Maximum likelihood (ML) phylogeny for the collated reference-based dataset with the CRB samples from different RAD-Seq experiments (Reil et al.9, Etebari et al.7).

Reference-based data from different technologies (RAD-Seq and RNA-Seq) give concordant signals of population structure

To confirm that the reference-based SNP data obtained from DNA sequencing is concordant with the data from RNA sequencing, I analysed the CRB samples collected from three geographic locations (Fiji, Papua New Guinea, Solomon Islands). The reference-based dataset (GCA_020654165.1_S4-7k-2v3_genomic.vcf20,40) was filtered to contain 8 individuals previously analysed in a RNA-Seq study by Etebari et al.12, and 99 individuals previously analysed in a RAD-Seq experiment by Etebari et al.7. The final dataset contained 1,828 SNP sites with a minor allele frequency of 0.05 and missingness of 0.05. Discriminant Analysis of Principal Components (DAPC)47 was done with the R package adegenet48 v.1.42.

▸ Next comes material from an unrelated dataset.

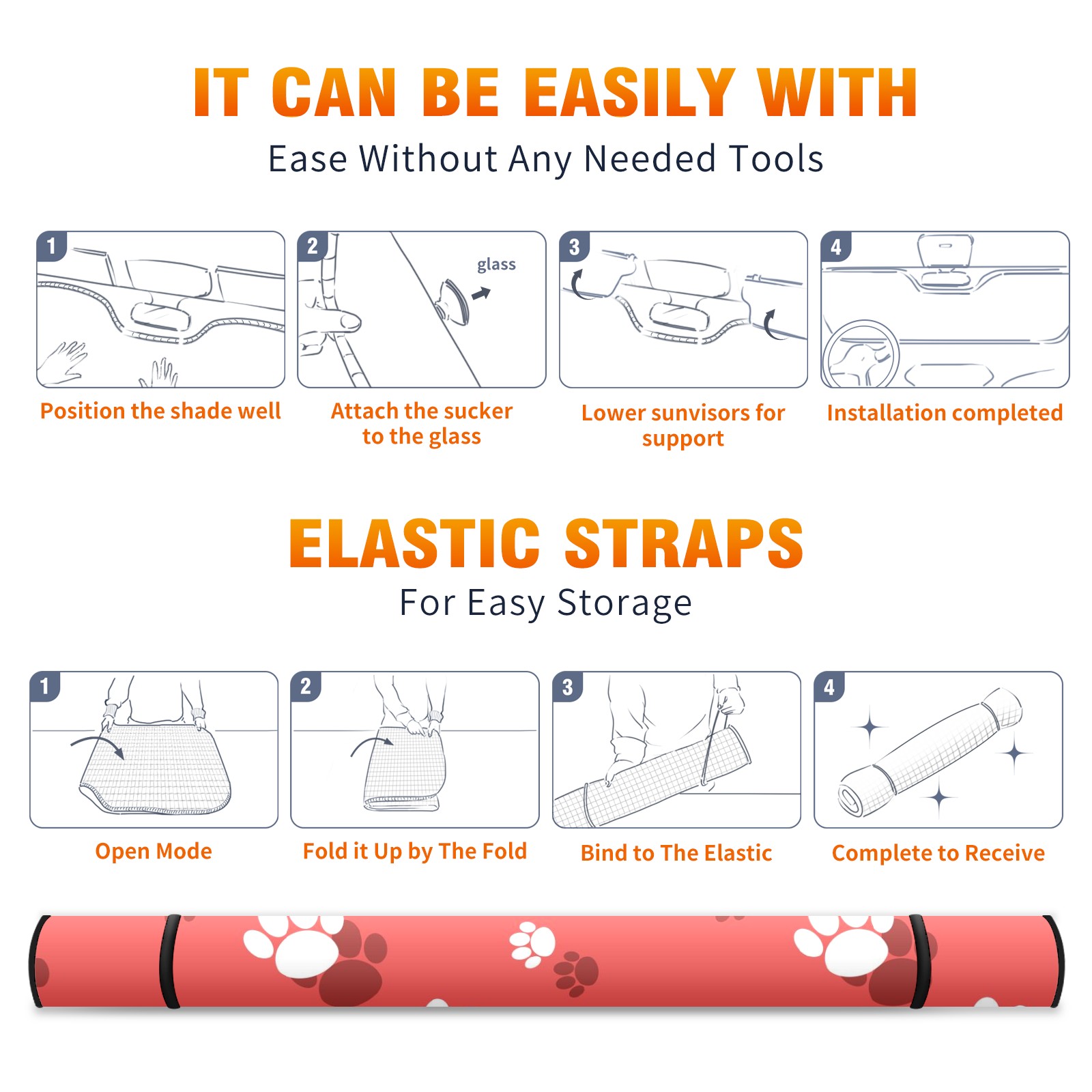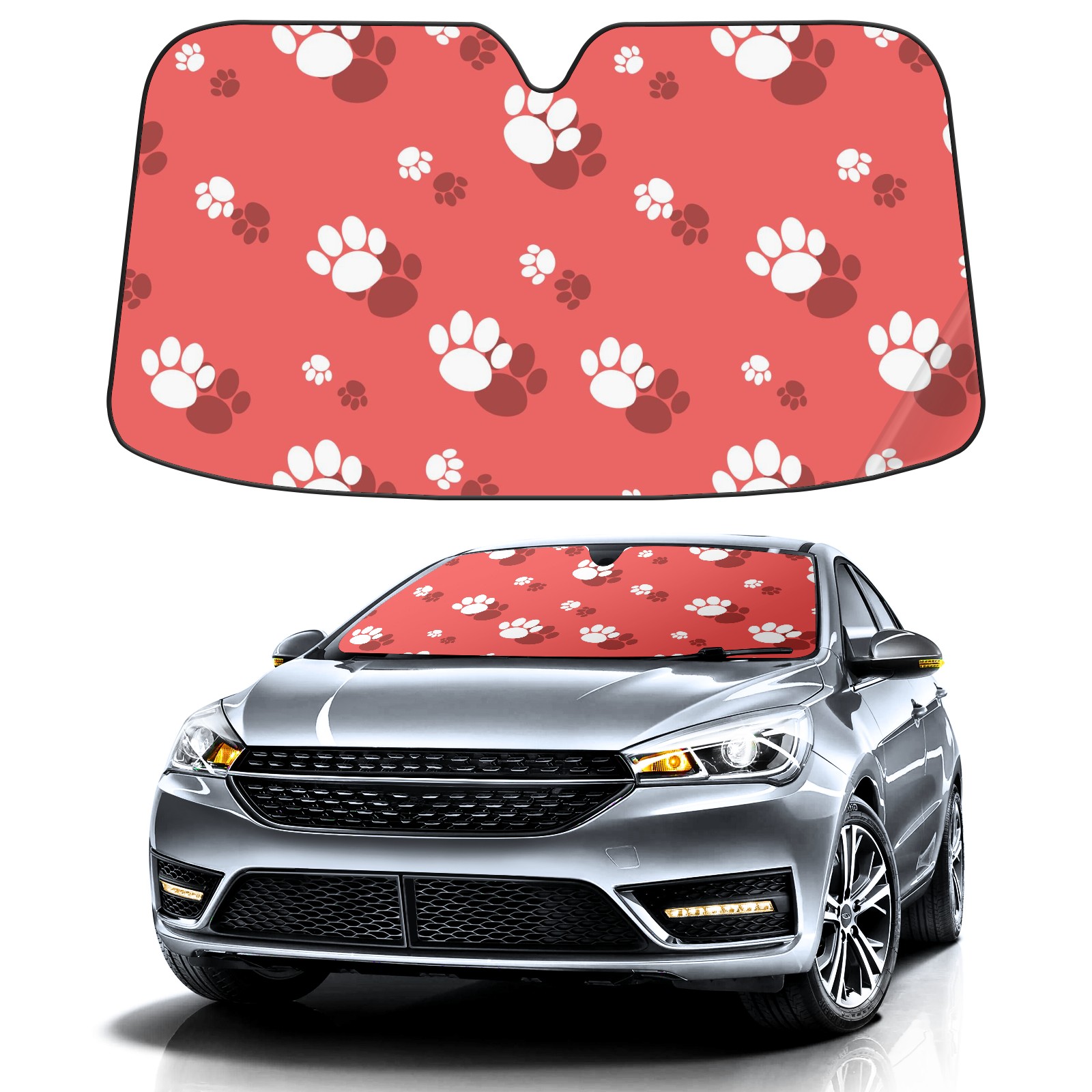 Car Windshield Sun Shade For Front Window Cute Dog Paw Print On Pink Background Foldable Vehicle Windshield Car Sun Visor Covers Automotive Window Protector Car Camping Privacy Sun Blocker

DAPC correctly inferred three genetic clusters (“best” K = 3 using the BIC criterion, Fig. 4) without describing the population groups a priori. These genetic clusters are clearly separated along the first two discriminant axes even when a minimal number of principal components (3) was retained in order to avoid data over-fitting (PCA eigenvalues, Fig. 4). Assignment of individuals reflected their geographic origin and not the sequencing technology, thus validating the quality of the reference-based genotype calls for the samples that are sequenced with different approaches. It is worth noting that individuals from the RNA-Seq experiment were positioned closer to the centre of the vector space than individuals from the RAD-Seq experiment (Fig. 4). This is because individuals from this RNA-seq experiment had more missing data at the chosen SNP positions, and these missing data were replaced with the mean allele frequencies during the analysis of principal components47,48 which resulted in their positioning closer to the mean value (centre) of the vector space. Nevertheless, a strong biological signal from the scored genotypes in these individuals led to their unambiguous grouping by population origin, confirming that the reference-called variants are of high quality for inferring population genetic structure.

Fig. 4
figure 4

DAPC for the collated reference-based CRB dataset from the RNA-Seq and RAD-Seq experiments by Etebari et al.7,13.

Usage Notes

VCF files20,40 generated in this study allow researchers to compare new CRB and OrNV data with the existing data without re-processing the published samples. To expand the reference datasets for population analyses, researchers should generate the reference-based VCF files following the steps presented in the Methods section and merge their VCF files with the VCF files from this study using e.g. BCFtools39. Researchers can also use VCF files20,40 provided here to realign their mapped sequences, which should improve indel detection in particular, using e.g. ABRA238. To best utilise the maximum number of existing samples and variants for population genomic analyses under stronger budgetary constraints, researchers should prepare their NGS libraries using the RAD-Seq approach with the frequently cutting restriction enzymes NlaIII and MluCI and fragment size selection as in Reil et al.9. Where permitted by higher research budgets, new data generated via Whole Genome Sequencing are optimal for further integration, as this NGS approach provides complete information on both CRB genomes (nuclear and mitochondrial) and on the genome of the biocontrol agent OrNV.